As ESA, Lacuna Space and Open Cosmos share a common commitment to sustainability, and the 'zero debris by 2030' aim, the spacecraft was intentionally launched with a naturally decaying orbit that continuously brought it closer to Earth. This approach was well within ESA’s Space Debris Mitigation requirement of a five-year deorbit, as the satellite completely burned up upon atmospheric re-entry.

Impact and success of LacunaSat-2B

As part of Lacuna's satellite constellation, LacunaSat-2B played a crucial role in enabling a variety of projects aimed at sustainable resource utilisation and securing the planet's future. The satellite helped provide connectivity in remote locations, including those at sea or in hard-to-reach areas such as deserts or rural regions. Additionally, the satellite worked within Lacuna’s constellation to support numerous applications, from tracking elephants in Africa to collecting vital environmental data from isolated regions of South America.

One market that particularly benefits from Lacuna’s constellation is agriculture. Often located in remote areas beyond the reach of terrestrial networks, agricultural operations are seeing increased efficiency in land, water and fertiliser use thanks to Lacuna’s IoT satellite monitoring capabilities. LacunaSat-2B has also contributed to environmental studies, providing weather data, monitoring pollution and supporting carbon sequestration projects by verifying carbon credits.

Lacuna’s ground-breaking IoT payload technology demonstrates how satellites, such as LacunaSat-2B, can receive long-range, low-power signals directly from devices on Earth. The satellite's design prioritised robustness and resilience, ensuring reliability during launch and in-space operation. LacunaSat-2B's success has demonstrated the real-world impact of space technology and helped pave the way for Lacuna's expansion plans, including expanding their constellation.

“ESA has played a vital role in the successful mission of the LacunaSat-2B satellite, benefiting end users with reliable connectivity across the globe for the past three years. Working with our partners, Lacuna Space and Open Cosmos, the satellite has provided benefits to a multitude of sectors which impact our daily lives, ranging from Internet-of-Thing devices to secure monitoring and environmental applications. The satellite is also a testament to how missions can exceed expectations with sustainability in mind from the beginning with its successful natural de-orbit,” said Laurent Jaffart, Director of ESA’s Connectivity and Secure Communications Directorate.

"LacunaSat-2B was the second satellite launched by Open Cosmos, marking a pivotal moment for the company. We are incredibly proud of the foundation technologies which we developed under the PIONEER programme and now form the baseline of all of our satellites. Every time a satellite is launched, there is an element of risk associated with it. That we have a 100% success rate in orbit and satellites fulfilling the full three-year mission requirements is all down to the exceptional team of engineers we have developing this infrastructure,” said Jordi Barrera Ars, Chief Technical Officer at Open Cosmos.

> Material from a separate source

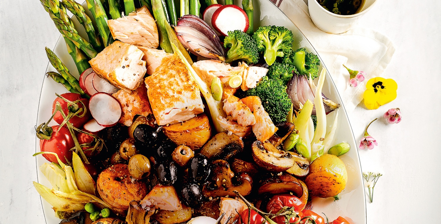- Die gekochten Eier pellen und halbieren. Den lauwarmen Lachs mit einer Gabel vorsichtig in Stücke teilen und zusammen mit dem Gemüse auf einer großen Servierplatte anrichten.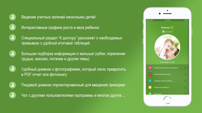 Это приложение поможет Вам проследить за правильным развитием ребенка с рождения до года и далее. - Раздел «Анкета на сегодня» содержит главную актуальную информация по ребенку за весь период: аллергии, серьезные болезни, последние биометрические данные, группа крови, а также размеры одежды, которые ему сейчас подойдут. Добавив в программу часто используемые документы ребенка (полис ОМС, свидетельство о рождении и т.д.) Вы легко сможете просмотреть их через этот раздел. Т.о. эти, часто требуемые, документы будут всегда у Вас под рукой. - Графики диапазонов изменения роста и веса малыша помогут проследить за правильным набором веса и роста. Внеся в программу информацию по измерениям веса и роста Вашего малыша Вы увидите достаточен ли его вес (рост) на данный момент. - Раздел описания развития навыков, таких как - умение ползать, держать спинку, ходить, держать головку, видеть, действовать ручками с подробным описанием и подсветкой того, как малыш должен был продвинуться в каждом из них на текущий момент. Также здесь описывает процесс общения с ребенком, развитие у него игровых навыков - Раздел Игрушки поможет подобрать ребенку развивающую игрушку в тот или иной период его жизни. - Раздел "Зубы" дает возможность проследить динамику появления и выпадения молочных зубов. Есть возможность сравнения динамик роста и выпадения зубов малыша и средне-статистическими данными. - Раздел "Кормление грудью и прикорм" - это дневник питания с группировкой данных по 4 основным группам: 1. Грудное молоко/смесь 2. Кефир и творог 3. Каши 4. Супы и пюре и разделом Другое За каждый день подводятся итоги и отображается изменение относительно предыдущего дня. + на закладку выведена помощь с инфографикой о том когда и как следует вводить прикорм, как заменять грудное кормление или кормление смесью кашами супами и пюре. Предусмотрена возможность выявления пищевого аллергена. После его выявления соответствующий продукт будет подсвечен, а сам аллерген будет занесен в анкету ребенка. - Раздел "К доктору" поможет Вам не забыть об обязательных наблюдениях у врача и прививках. Исходя из указанного дня рождения малыша, программа будет подсвечивать те мероприятия, которые нужно совершить в текущий период и даст возможность пометить те из них, которые Вы уже прошли. В разделе так же содержится информация о болезнях, от которых делаются прививки. - В программу встроен Дневник, в который можно заносить достижения малыша, рекомендации врача, сделанные прививки, замеры температуры, напоминания, добавлять фотографии, биометрические данные, болезни, вес и рост. При этом занося вес и рост – они автоматически отобразятся в виде графика, серьезные болезни попадут в «Анкету малыша» и через некоторое время ненужно будет вспоминать чем и когда ребенок болел, биометрические данные программа использует для определения размера одежды и т.д.. - В дневник интегрирован планировщик приема лекарств. - В дневнике к каждому дню Вы можете прикреплять результаты анализов (фотографии бланков или PDF документы). С помощью встроенного функционала Вы можете объединять несколько фотографий в один PDF документ. Далее, используя поисковый фильтр, Вы легко сможете быстро просматривать те или иные результаты анализов. - Закладка "Расписание на день" покажет на выбранный день все напоминания для ребенк

“Since its launch in March 2021, the first of Lacuna’s second-generation satellites, LacunaSat-2B, has performed flawlessly, providing over three years of continuous connectivity within the Lacuna IoT service. We look forward to our next generation of IoT satellites that will further improve our monitoring capabilities, allowing us to provide services for even more sectors with increased reliability and performance. As we successfully de-orbit LacunaSat-2B, we reaffirm our commitment to preserving Low-Earth Orbit’s cleanliness and accessibility for future users, including ourselves,” said Jon Pearce, Chief Commercial Officer at Lacuna Space.